The scaling worked by having socket servers provide the end-point to the client, and then behind the socket servers were chat services, game services, trading services, card building services and deck services. So, lets say we had 4 socket servers running: you and I might end up on different socket servers, but we could still play against each other because all the socket servers are doing is relaying your commands to a game server that is running our game. In order to scale, we just add more servers. (Also, if we get disconnected you can reconnect easily. Also, spectating is easy.)
My friend came up with the idea of making the Flash front-end use generic commands. So instead of the server telling the front-end "Ship A attacks Ship B for 5 damage" it says "Draw a red arrow from Card #123 to Card #456 and display a red number 5". This allowed us to make cards that did all kinds of crazy things without having to do anything to the client. To implement a card that does damage to all of a player's ships you just have to update the server to send the command "Draw a red arrow from Card #123 to Card #456, Card #789, etc...".
Finally, the core game engine on the server was an event loop.
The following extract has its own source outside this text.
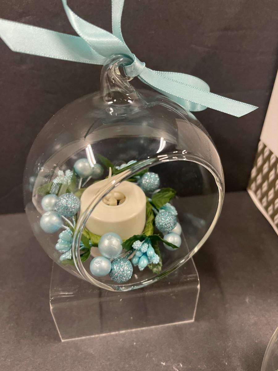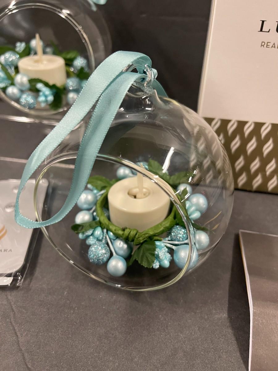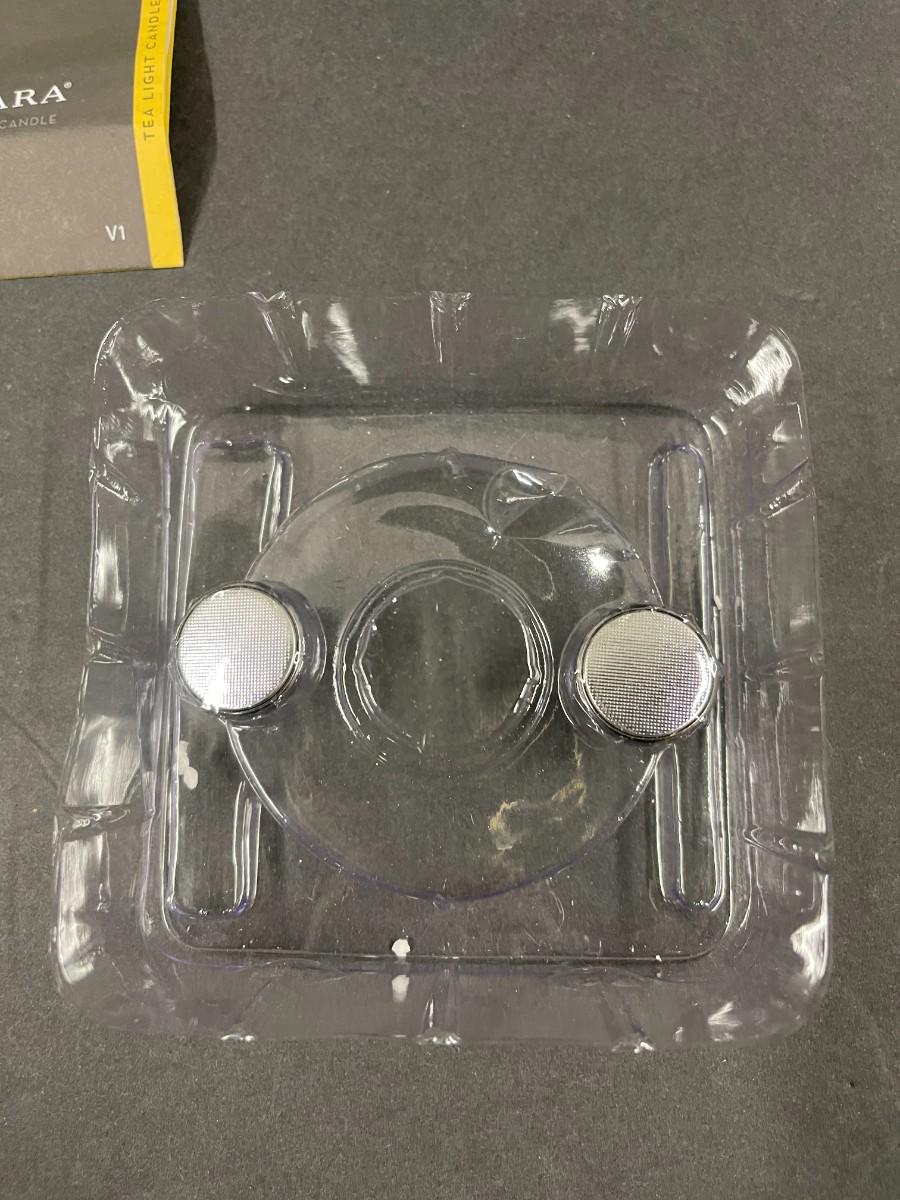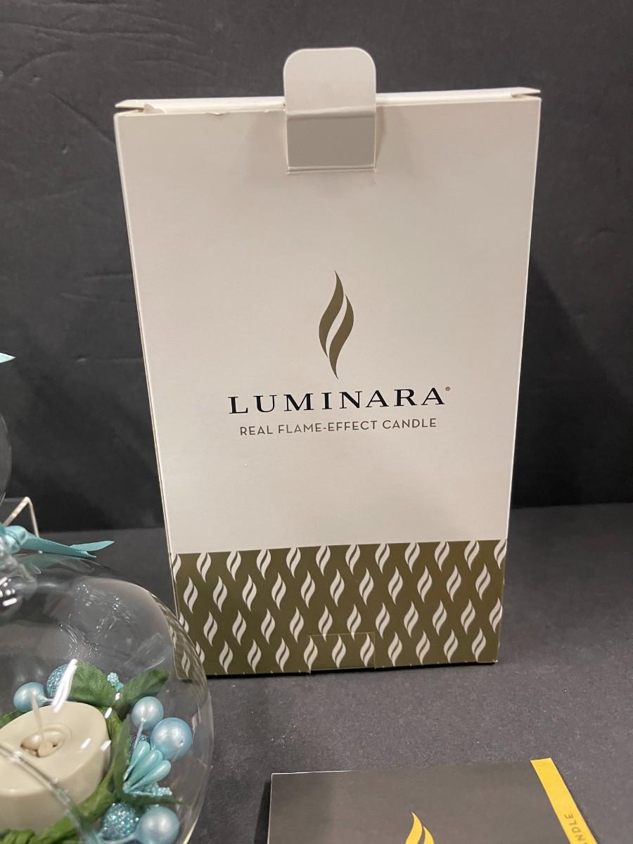 Luminara Gold Berry ornament candles with real flame effect. One is in original box with new batteries and remote. The other does not have new batteries. Remote control will operate both.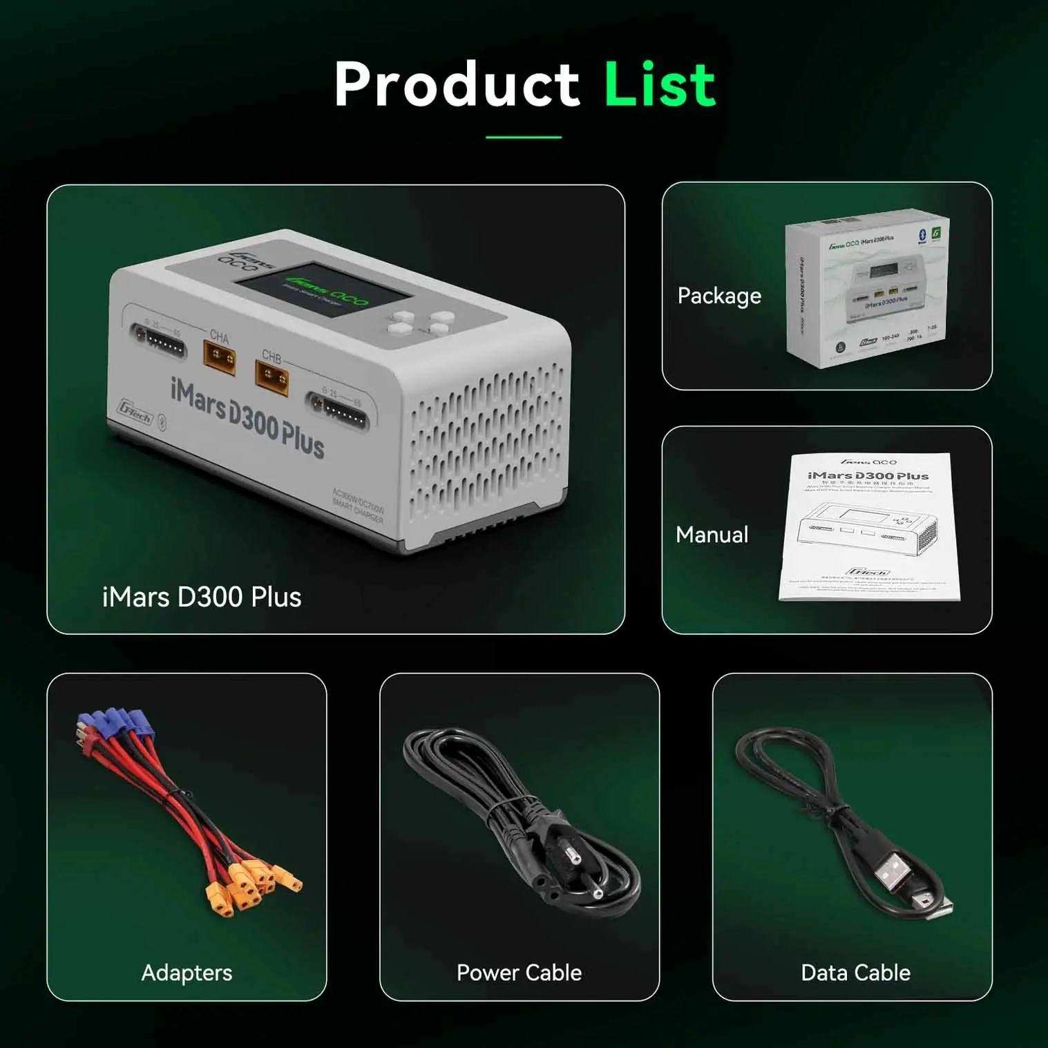 The Gens Ace iMars D300 Plus is a new dual-channel smart charger based on the D300. It keeps the core features of the G-Tech system and adds Bluetooth remote control. RC enthusiasts can now use the Gens Ace app to manage and view more real-time data and historical records, making the experience simpler, more efficient, and safer.

Thus, making new cards and rules was super easy because all you had to do in code was say "I want this new card to subscribe to the Player Draw Card event, and in that event code: "if drawer is this.owner, draw twice the amount as regular and then this.sendtograve." I was continually blown away by what crazy cards we could make up and how little code it took to implement.
As we were creating this game our day jobs became more and more serious and when we finally had the final version complete we both agreed to burn the code and resources to DVD and put it on the shelve. The idea of starting a new journey in marketing and building a company was overwhelming. (Just three months ago I got it all running in the cloud with very little effort for nostalgias sake).
I still think about pinging WOTC and asking if they'd like to see what we have and maybe make use of it. I knew WOTC had an online version of MOTG but I had NO idea it had so many rough patches or I would have been down in front of their office with a sign asking them to look at what we have.
If anyone from WOTC or other would like to see or talk about the game, feel free to message me.
Add on poor server stability that causes players who paid to participate in events to get kicked out and loose due to the issues and the experience is horrible.
It`s a credit to the quality of the card game that such a crappy experience is even played at all.
I gave up in college after I learned that Magic the Gathering is actually kinda expensive.